Fortaleza, 19 de outubro de 2043
E lá voltei a Fortaleza, para conversar com educadores e rever amigos. Também voltei para deixar um convite, pois senti que a secretária Dalila partilhava as mesmas preocupações da minha amiga Regina e de outros educadores com quem eu havia trabalhado, dez anos antes.
Isso mesmo! Passara uma década sobre o meu voluntariado no Kerigma. Também, sobre uma intensa participação nas conferências preparatórias do PNE e sobre a elaboração do “Terceiro Manifesto da Educação”.
Esse documento fora aprovado na primeira C.O.N.A.N.E. – Conferência Nacional de Alternativas para uma Nova Educação – e acolhido pelo Ministro da Educação, na pessoa da minha amiga Jaqueline Moll.
A Jaqueline fora subscritora do “Manifesto para uma Educação Democrática e Humanizadora”, de 2021. Eu acompanhara o excelente trabalho que ela havia desenvolvido no “Mais Educação”. E me orgulhava por estar ao lado dela e de outros admiráveis mestres, na assinatura desse manifesto, que era um convite à participação:
“Nós, professores e pesquisadores envolvidos em projetos e ações para uma educação democrática e humanizadora, queremos expressar aqui nossas preocupações em relação ao trabalho dos educadores em face do que vem acontecendo, neste momento, em nosso país, na política, na economia e, principalmente, na saúde e na educação.”
A elaboração do documento fora, também, um freiriano gesto de denúncia e anúncio, um ato de coragem:
“Em nome dos valores que compartilhamos em relação à vida, à saúde, à educação, ao ambiente, queremos expressar neste Manifesto nosso profundo desacordo com o que vem acontecendo em nosso país no campo político, econômico, cultural, sanitário e educacional e, ao mesmo tempo, chamar a atenção dos educadores brasileiros sobre os retrocessos atuais, principalmente nas áreas da educação e da escola.”

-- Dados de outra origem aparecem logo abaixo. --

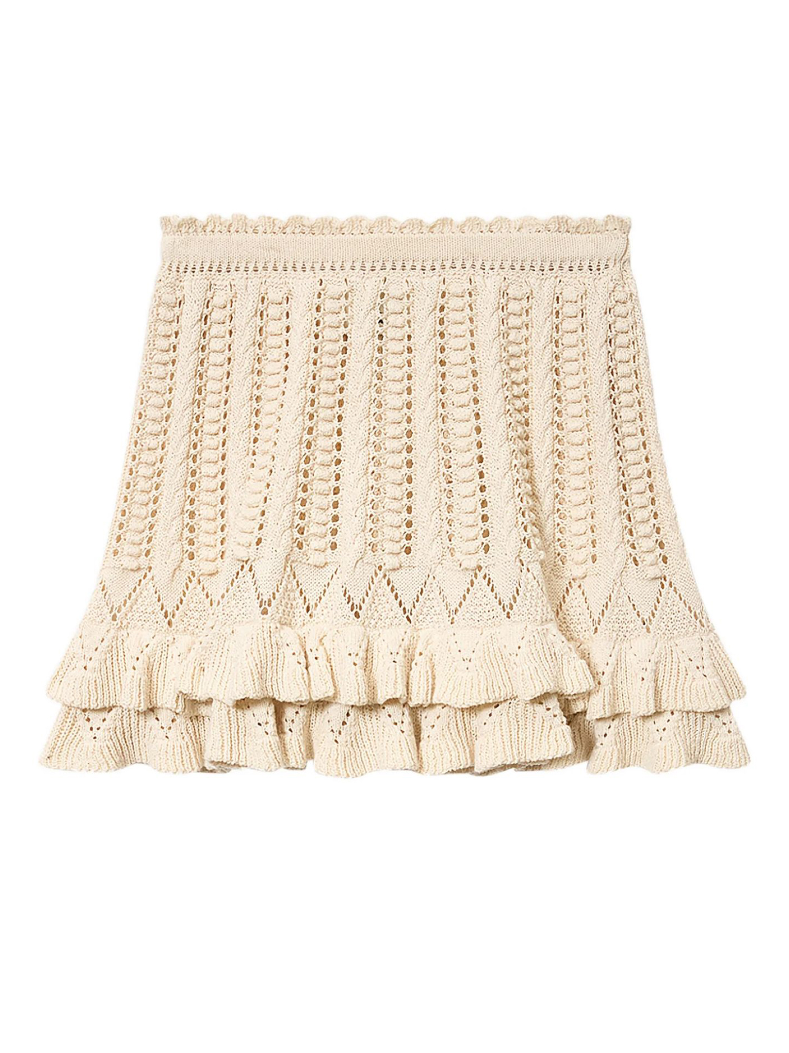 Gonna corta in cotone con volant, Elastico in vita, Traforature, Orlo inferiore del modello rifinito con volant, Taglio svasato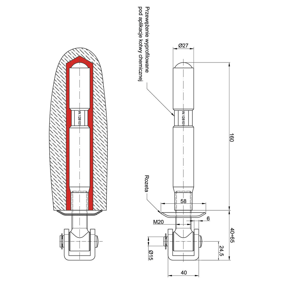 - Diâmetro do corpo da âncora: fi 27 mm
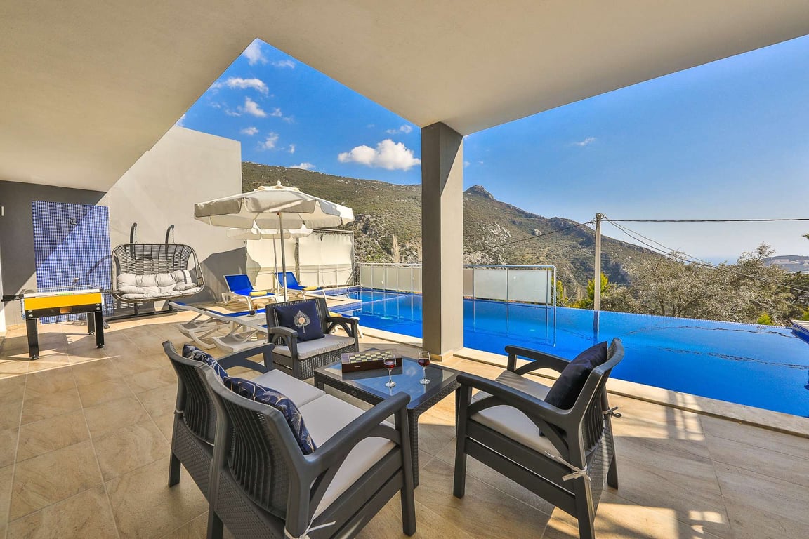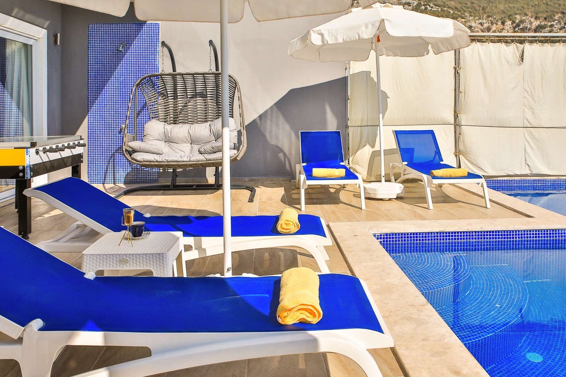 Villa Best, Kalkan İslamlar bölgesinde konumlanmakta olan, yeşilliklerle kaplı doğa manzarasına hakim kiralık villalarımız arasında yer almaktadır. Lüks ve modern bir şekilde dizayn edilen villamızda 2 adet yatak odası bulunmakta olup, 4 kişiye konaklama imkanı sağlamaktadır. Yatak odalarından birinde, tüm yılın vermiş olduğu yorgunluğu giderebileceğiniz jakuzi yer almaktadır. Aynı zamanda villamızda çocuk havuzu da bulunmaktadır. Havuz ve havuz terası korunaklı hale getirilen yazlık villamızı, muhafazakar aileler gönül rahatlığıyla tercih edebilirler.

O manifesto denunciava “o desconhecimento por parte das autoridades do governo e dos políticos do Congresso Nacional do Plano Nacional de Educação 2014-2024”. Uma avaliação realizada pelo Instituto Nacional de Estudos e Pesquisas Educacionais revelara uma realidade preocupante. O Brasil apenas cumprira uma das vinte metas previstas para serem atingidas, entre 2014 e 2024. As restantes estavam longe de serem alcançadas ou apenas parcialmente tinham sido cumpridas.
A única meta integralmente atingida no PNE era aquela que se referia à formação de professores do ensino superior. E dessa formação nem é bom falar! O vosso avô teria muito que dizer sobre a deformação que, no “superior” se fazia. Se quiserdes, talvez o faça, mas em outra cartinha.
Ao cabo de vinte anos, o artigo 15º da Lei de Diretrizes e Bases da Educação Nacional continuava sem efeitos práticos, situação agravada pelo fato de a administração educacional não ter cumprido a meta 19 no prazo estabelecido pelo Plano Nacional de Educação.
Isso mesmo: o poder público não cumpria leis que promulgava. Gestores escolares continuavam a assumir cargos por indicação de políticos e o “dever de obediência hierárquica” negava às escolas o direito à autonomia pedagógica, administrativa e financeira. Só quem não conhecesse a realidade do chão das escolas poderia crer que nelas fossem cumpridos os artigos 12º e 13º da LDBEN.
Um plano decenal havia fracassado. O próximo PNE poderia vir a ter o mesmo inglório destino. A corrupção, os conluios políticos, as práticas populistas dos candidatos do pleito eleitoral de 2024, poderiam deitar a perder mais uma oportunidade de mudança.
Até que o senhor ministro da educação decidiu deitar faladura.